DATASET SECTION:
· · · ·
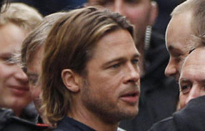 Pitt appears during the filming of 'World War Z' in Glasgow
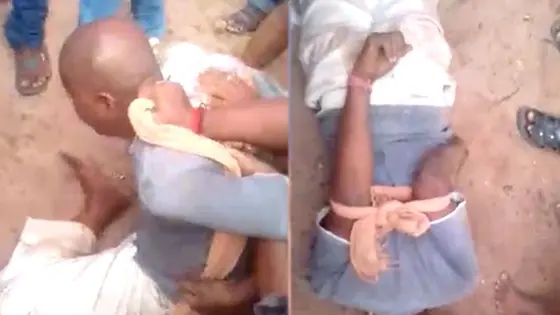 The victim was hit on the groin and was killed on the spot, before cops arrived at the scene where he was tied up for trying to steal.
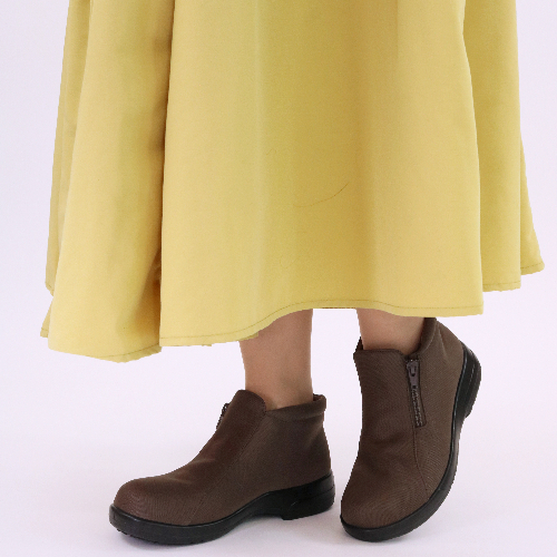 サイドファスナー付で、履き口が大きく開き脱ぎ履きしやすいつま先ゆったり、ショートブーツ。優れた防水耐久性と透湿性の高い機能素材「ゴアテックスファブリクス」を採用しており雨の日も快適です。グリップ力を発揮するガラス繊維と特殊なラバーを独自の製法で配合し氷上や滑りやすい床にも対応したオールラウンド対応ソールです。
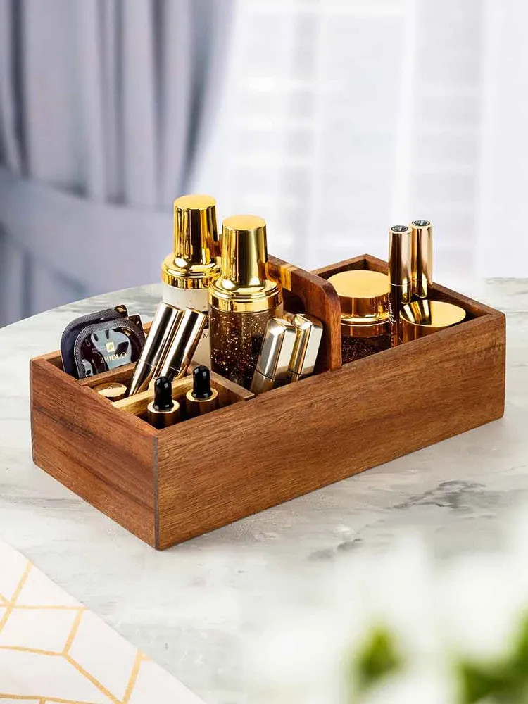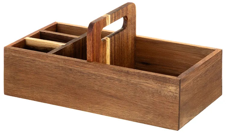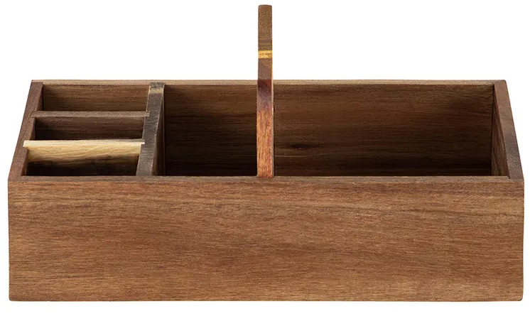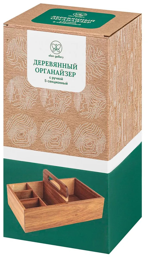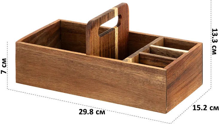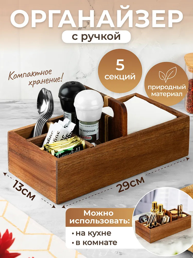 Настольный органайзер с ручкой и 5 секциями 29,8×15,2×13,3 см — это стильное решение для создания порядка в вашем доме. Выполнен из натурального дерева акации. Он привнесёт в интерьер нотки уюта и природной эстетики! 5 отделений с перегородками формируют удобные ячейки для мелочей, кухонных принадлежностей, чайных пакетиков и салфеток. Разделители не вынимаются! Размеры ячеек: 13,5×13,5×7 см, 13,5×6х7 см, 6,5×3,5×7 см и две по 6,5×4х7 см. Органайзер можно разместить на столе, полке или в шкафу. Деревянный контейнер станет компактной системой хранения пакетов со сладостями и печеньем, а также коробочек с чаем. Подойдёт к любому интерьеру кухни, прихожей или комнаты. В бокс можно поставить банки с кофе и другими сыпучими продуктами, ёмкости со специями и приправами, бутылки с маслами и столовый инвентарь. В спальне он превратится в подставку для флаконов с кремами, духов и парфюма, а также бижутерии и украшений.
· · · ·
TASK DETAILS: Here the job is to print the data above exactly, except for any pictures.

OUTPUT BELOW:
 Pitt appears during the filming of 'World War Z' in Glasgow
 The victim was hit on the groin and was killed on the spot, before cops arrived at the scene where he was tied up for trying to steal.
 サイドファスナー付で、履き口が大きく開き脱ぎ履きしやすいつま先ゆったり、ショートブーツ。優れた防水耐久性と透湿性の高い機能素材「ゴアテックスファブリクス」を採用しており雨の日も快適です。グリップ力を発揮するガラス繊維と特殊なラバーを独自の製法で配合し氷上や滑りやすい床にも対応したオールラウンド対応ソールです。
 Настольный органайзер с ручкой и 5 секциями 29,8×15,2×13,3 см — это стильное решение для создания порядка в вашем доме. Выполнен из натурального дерева акации. Он привнесёт в интерьер нотки уюта и природной эстетики! 5 отделений с перегородками формируют удобные ячейки для мелочей, кухонных принадлежностей, чайных пакетиков и салфеток. Разделители не вынимаются! Размеры ячеек: 13,5×13,5×7 см, 13,5×6х7 см, 6,5×3,5×7 см и две по 6,5×4х7 см. Органайзер можно разместить на столе, полке или в шкафу. Деревянный контейнер станет компактной системой хранения пакетов со сладостями и печеньем, а также коробочек с чаем. Подойдёт к любому интерьеру кухни, прихожей или комнаты. В бокс можно поставить банки с кофе и другими сыпучими продуктами, ёмкости со специями и приправами, бутылки с маслами и столовый инвентарь. В спальне он превратится в подставку для флаконов с кремами, духов и парфюма, а также бижутерии и украшений.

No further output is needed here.